A novel role for caveolin-1 in B lymphocyte function and the development of thymus-independent immune responses

Freddy A. Medina, Terence M. Williams, Federica Sotgia, Herbert B. Tanowitz, Michael P. Lisanti

Research output: Contribution to journalArticlepeer-review

40 Scopus citations


Caveolin-1 (Cav-1) functions as a scaffold or platform for many molecules involved in signal transduction. However, the expression and function of Cav-1 in the immune system has been controversial.

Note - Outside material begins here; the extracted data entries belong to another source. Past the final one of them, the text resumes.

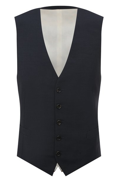 Для пошива чернильно-синего жилета мастера марки, основанной Гуччио Гуччи, использовали тонкую премиальную шерсть с добавлением нежного легкого мохера. Изделие из такого материала долго сохраняет безупречный вид, а ремешок с пряжкой сзади делает силуэт более статным. Спинку выполнили из гладкого блестящего атласа с геометрическим принтом, создающим визуальный эффект.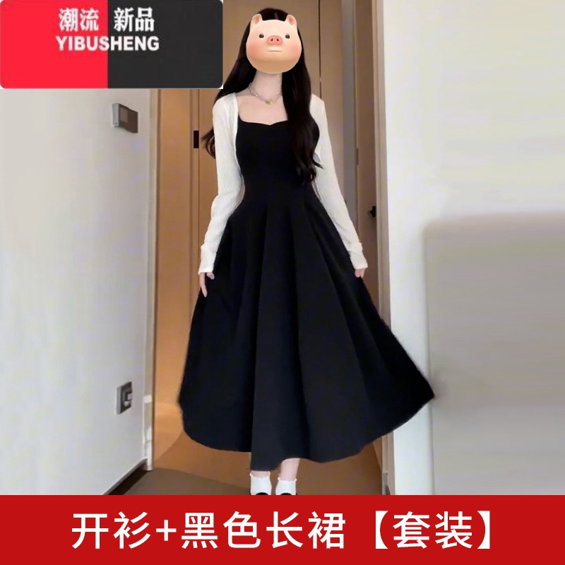 YIBUSHENG微胖梨形身材穿搭2024新款法式黑色吊带连衣裙小个子女短裙套装 白色开衫+黑色长裙厅里厅气/miu系/今年流行漂亮/韩系/奶 65/70kg/XXL¥180.00热销中 -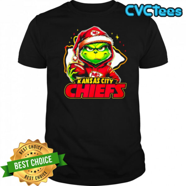 Grinch wearing Santa x Kansas City Chiefs hat Christmas shirt, hoodie, sweater, longsleeve and ladies t-shirt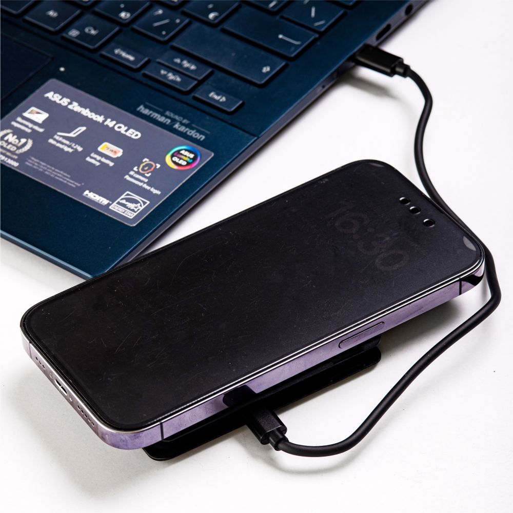Беспроводное зарядное устройство Flow с набором переходников USB/USB C – модель 3 в 1. Комплект адаптеров с кабелем упакован в контейнер, одна из панелей которого обеспечивает зарядку телефона и выполняет роль подставки (в раскрытом виде). Модель поддерживает функцию быстрой зарядки fast charge.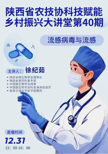 此次直播課是“陜西省農技協(xié)科技賦能鄉(xiāng)村振興大講堂”的第40期,由陜西省科學技術協(xié)會主辦,陜西省微生物學會等3家單位承辦。直播課上,徐教授用通俗易懂的語言,生動講解了流感病毒的病原生物學特點、類型、傳染性和抵抗力等健康知識,以生活案例為切入點詳細闡釋了流感的臨床表現(xiàn)、病原、高發(fā)季節(jié)、傳播途徑、致病致死率、潛伏期、流行史等內容,告訴大家發(fā)熱不適時如何自我判斷、如何正確用藥就醫(yī),引導大家通過及時接種疫苗、科學佩戴口罩、保障充足睡眠、遠離密集場所、加強運動鍛煉等方式預防流感。

Here, we show that Cav-1 mRNA and protein is indeed expressed in murine B-lymphocytes in a regulated manner in response to LPS. Cav-1 deficient mice displayed reduced levels of antibody in their serum. In order to examine the role of Cav-1 in the development of immunoglobulin-mediated immune responses, we immunized wild-type and Cav-1 deficient mice with thymus-dependent and thymus independent antigens. Our results show that Cav-1 deficient mice have a normal response to thymus-dependent antigens, but have a reduced response to both type I and type II thymus independent antigens. However, lymphocyte populations in the spleen and peritoneum were not altered and no changes were observed in splenic architecture. Caveolin-1 deficient B-lymphocytes did not display altered proliferation in response to different stimuli. However, we found that Cav-1 deficient B cells have reduced IgG3 secretion in vitro in response to LPS. Finally, we also demonstrate that human plasma cells (mature B lymphocytes) express Cav-1 in vivo. Taken, together these results provide convincing evidence for the expression of Cav-1 in activated B-lymphocytes and demonstrate a role for Cav-1 in the development of thymus-independent immune responses.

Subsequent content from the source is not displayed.